Table 11. Comparison of performance metrics for segmentation
Study | Method | Dataset | Dice Coefficient (DC) | Jaccard Index (JI) |
|---|---|---|---|---|
Basak et al. (2022) [30] | MFSNet | ISIC 2017 | 91.1% | 84.2% |
Hasan et al. (2019) [31] | DSNet | ISIC 2017 | 77.5% | |
Proposed Model | UNet | ISIC 2017 | 92.4% | 89.7% |
For classification, the proposed MLSTM-STBO model demonstrated clear superiority on the HAM10000 dataset as shown in Table 11, achieving an accuracy of 96.2%, precision of 94.8%, sensitivity of 95.5%, and F1-Score of 95.1%. These values surpass the performance of Khan et al.’s method, which reported an accuracy of 91% but did not include precision, sensitivity, or F1-Score metrics. The absence of these values in their study highlights a potential limitation in their evaluation methodology, as these metrics are crucial for understanding the robustness and reliability of classification models in medical imaging tasks.

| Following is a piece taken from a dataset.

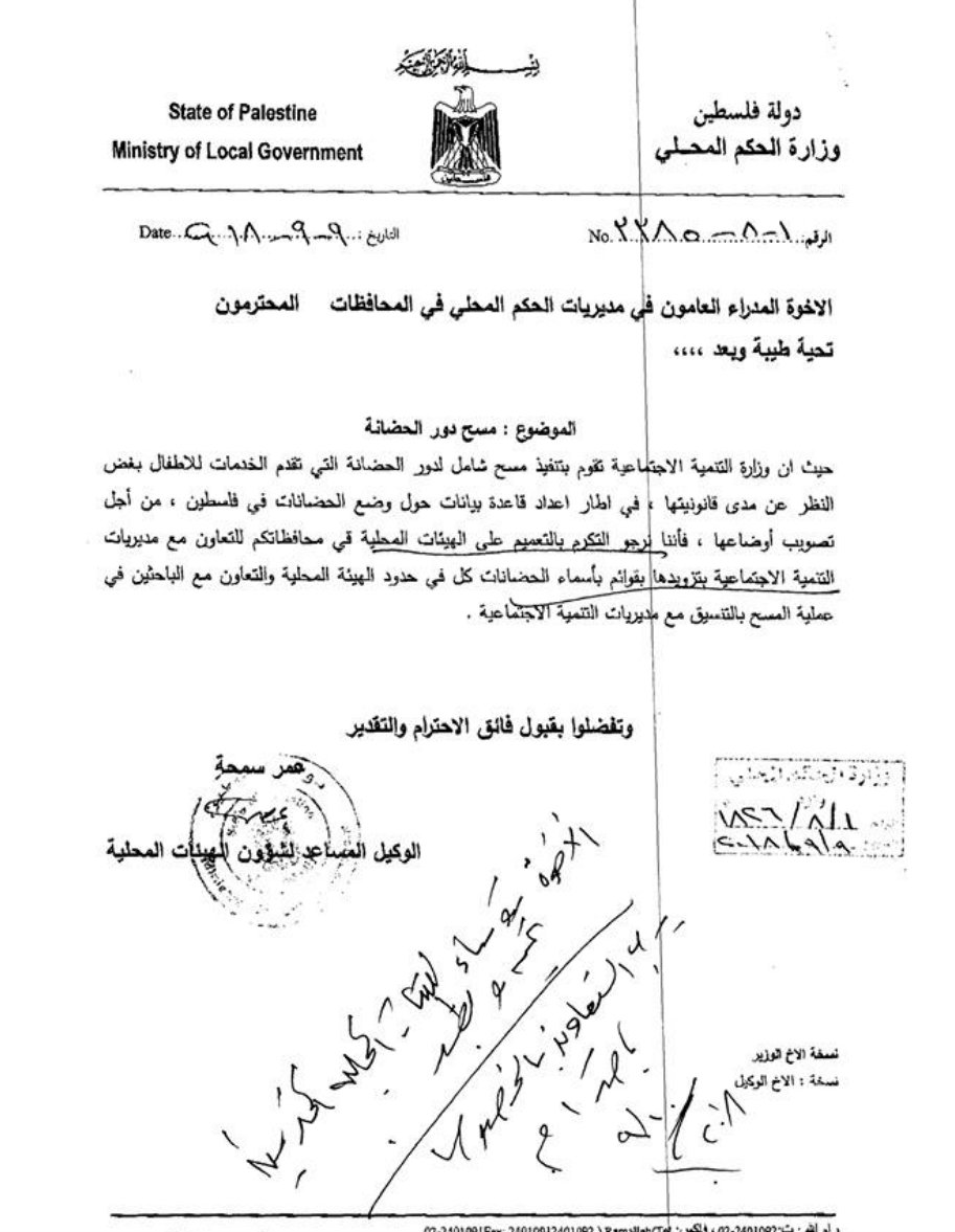 الاختلافات الكبيرة بين دور الحضانة وما تقدمه من خدمات، يكاد يوحي بغياب معايير ضابطة لعملها، لذا تنوي وزارة التنمية إجراء مسح شامل لدور الحضانة في نابلس بهدف تصويب أوضاعها.

The proposed model’s ability to optimize hidden neurons using STBO and incorporate diverse features, such as color moments and texture analysis, contributed significantly to its enhanced performance as mentioned in Table 12.
Table 12. Comparison of performance metrics for classification
Study | Method | Dataset | Accuracy (%) | Precision (%) | Recall (%) | F1-Score |
|---|---|---|---|---|---|---|
Khan et al. (2022) [32] | CNN | HAM1000.0 | 91.0 | – | – | – |
Proposed Model | MLSTM-STBO | HAM10000 | 96.2 | 94.8 | 95.5 | 95.1 |
The findings emphasize the effectiveness of the proposed U-Net and MLSTM-STBO models in skin lesion analysis, outperforming existing methods in segmentation and classification tasks while addressing gaps in evaluation metrics observed in other studies. This establishes the proposed framework as a robust and reliable solution for early skin cancer detection.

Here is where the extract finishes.